Recent Boards of Appeal Decisions on Added Matter: Holding up the Standard

“Recent decisions by the EPO’s Boards of Appeal again underscore the strict enforcement of Article 123 (2) to maintain the high standard it defined for added matter and original disclosure.”

Boards of AppealThe European Patent Office’s (EPO) Boards of Appeal have displayed a stringent approach towards added subject matter in recent decisions, particularly in comparison to other jurisdictions. This stringency is rooted in the provisions of Article 123(2) of the European Patent Convention (EPC), which prohibits amendments that extend beyond the content of the original patent application. The primary objective is to maintain the correlation between the granted patent’s scope of protection and the technical disclosure initially provided in the application.

The Boards of Appeal adhere to several key principles when assessing added subject matter:

  1. Literal Support: Amendments are generally allowed if there is explicit support for the added subject matter in the application as filed. The Boards scrutinize the original disclosure to ensure that the amended claims are directly and unambiguously supported by the description, drawings, and claims of the initial application.
  2. Implicit Disclosure: In some cases, an amendment may be permissible if the skilled person would directly and unambiguously derive the added subject matter from the original disclosure, even if it is not explicitly mentioned. This relies on the concept of the “implicit disclosure” standard.
  3. Intermediate Generalization: The Boards consider whether an amendment introduces an “intermediate generalization,” which involves isolating specific features from a more detailed original disclosure. Such generalizations may be allowed if they do not result in a new technical teaching that goes beyond the original content.
  4. Overall Assessment: The Boards perform a comprehensive assessment of the entire application to determine if the amendments maintain the balance between protecting the legitimate interests of the patentee and ensuring legal certainty and clarity for third parties.

T 1137/21 (Zeolitic Material/BASF) 16-06-2023

The patent was revoked as the Board treated a combination of features from dependent claims as a selection from several longer lists. The decision emphasized the need for direct disclosure of relevant combinations in the application, especially for preferred examples.

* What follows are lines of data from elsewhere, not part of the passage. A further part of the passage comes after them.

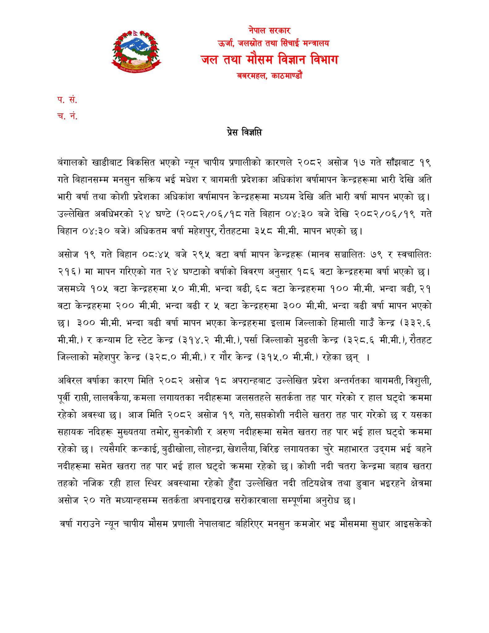 बङ्गालको खाडीबाट विकसित भएको न्यूनचापीय प्रणालीका कारण यही असोज १७ गतेदेखि आज बिहानसम्म सक्रिय रहेको तथा त्यसबाट देशका विभिन्न भागमा परेको प्रभावबारे विभागले जानकारी दिएको छ ।।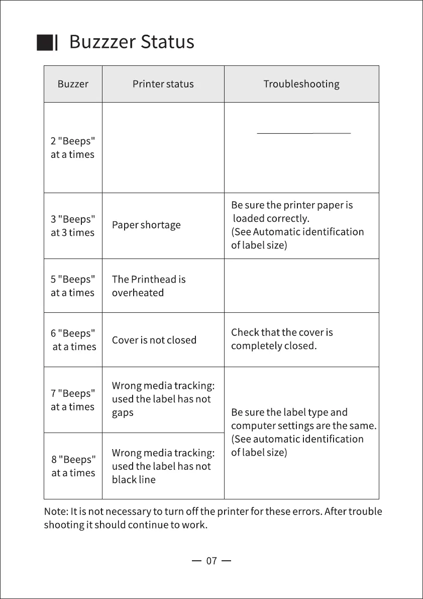Note: It is not necessary to turn off the printer for these errors. After trouble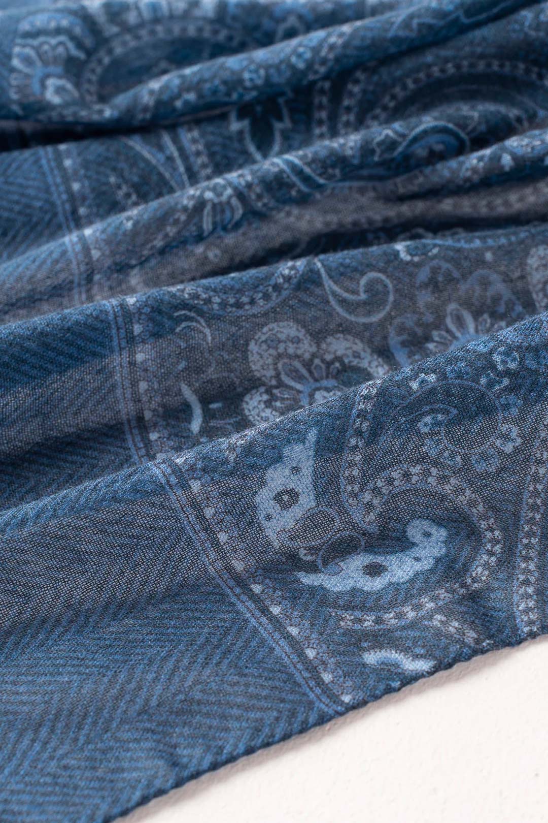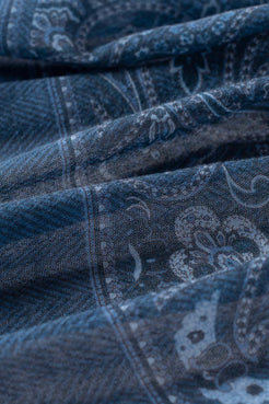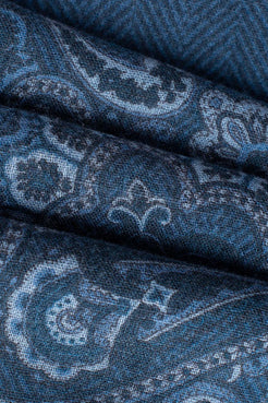 Navy Blue Paisley Herringbone Wool Silk Scarf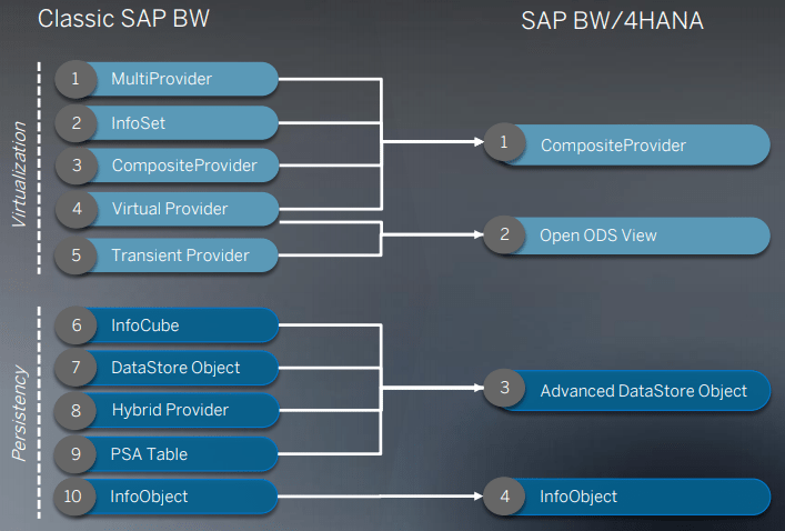 In almost all SAP material about BW/4HANA we find information that BW development will be simplified and sped up because of decreasing the BW object numbers from 10 to 4: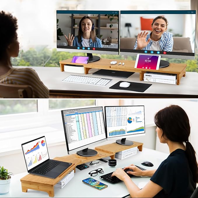 Nnewvante Monitor Stand Riser, 60 inch Large Bamboo Dual Monitor Stand for Desk, 3 Shelves Desktop Screen Riser with Adjustable Length Angle for Computer Laptop PC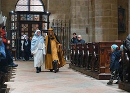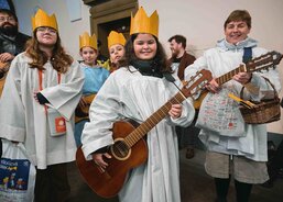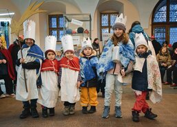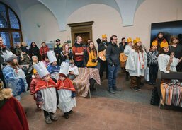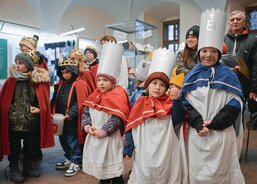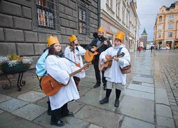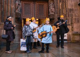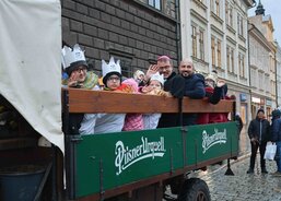 Tříkrálová sbírka byla v Plzni zahájena 4. ledna. Koledníci se nejprve sešli na plzeňské radnici, kde k nim promluvil primátor krajského města Roman Zarzycký a biskup plzeňský Tomáš Holub. Po zpěvu koled nastoupili malí králové, biskup i primátor do povozu pivovarských koní, který obkroužil náměstí Republiky a zavezl je před vchod katedrály sv. Bartoloměje. Zde jim otec biskup požehnal a posvětil křídy. Návštěvníci následně mohli zhlédnout vánoční příběh představený Straroplzeneckým Živým Betlémem. Malí koledníci se nakonec shromáždili před Ježíškem chovaným Pannou Marií, aby mu vzdali úctu. Pak už si převzali svěcené křídy a rozešli se do světa.

Claim 1 of the main request read: (in bold the amendments from the dependent claims)

    1. A process for the post-treatment of a zeolitic material, the process comprising

(i) providing a zeolitic material, wherein the framework structure of the zeolitic material comprises SiO2 and Al2O3; (Claim 13)

(ii) subjecting the zeolitic material provided in (i) to a method comprising

(a) treating the zeolitic material with an aqueous solution having a pH of at most 5, wherein the aqueous solution comprises an organic acid and/or an inorganic acid; (Claim 4)

(b) treating the zeolitic material obtained from (a) with a liquid aqueous system having a pH in the range of 5.5 to 8 and a temperature of at least 75 °C for a period in the range of from 1 h to 24 h (from two different ranges in claim 9), wherein the liquid aqueous system comprises at least 90 weight-% water; (Claim 11)

wherein in (ii) and after (b), the zeolitic material is optionally subjected to at least one further treatment according to (a) and/or at least one further treatment according to (b); wherein the pH of the aqueous solution according to (a) and the pH of the liquid aqueous system according to (b) is determined using a pH sensitive glass electrode, wherein the zeolitic material provided in (i) has a LEV, CHA, MFI, MWW or BEA framework structure. (Claim 17)

None of the dependent claims as originally filed had been inserted in claim 1.

In spite of examples (still) falling under claim 1, the board didn’t see sufficient pointers to the selection of claim 1 as “these examples are not sufficient as a pointer to the specific selection defined in claim 1 since they fall under the most preferred options of the various parameters and ranges”.

Jurisprudence (see for example T 407/10) refers to further circumstances that need to be considered, such as pointers to that selection or combination in the description and in the examples, for instance the fact that the features in question have been mentioned in the description as “preferred”.

The takeaway from this decision is that the combinations of features that are relevant for the (preferred) examples should be directly and unambiguously disclosed in the application and not only as part of a number of lists. One possibility would be to include disclosure to the examples stating the selection taken for each example: “In example A, X=Al, Y=O, the solution […]”.

T 2171/21 07-11-2023

In this case, the Board emphasized the difference between conceptual and individualized disclosure, rejecting a selection from three lists leading to 48 possible combinations as “non-direct”. The decision aligned with previous jurisprudence, considering such selections as added matter.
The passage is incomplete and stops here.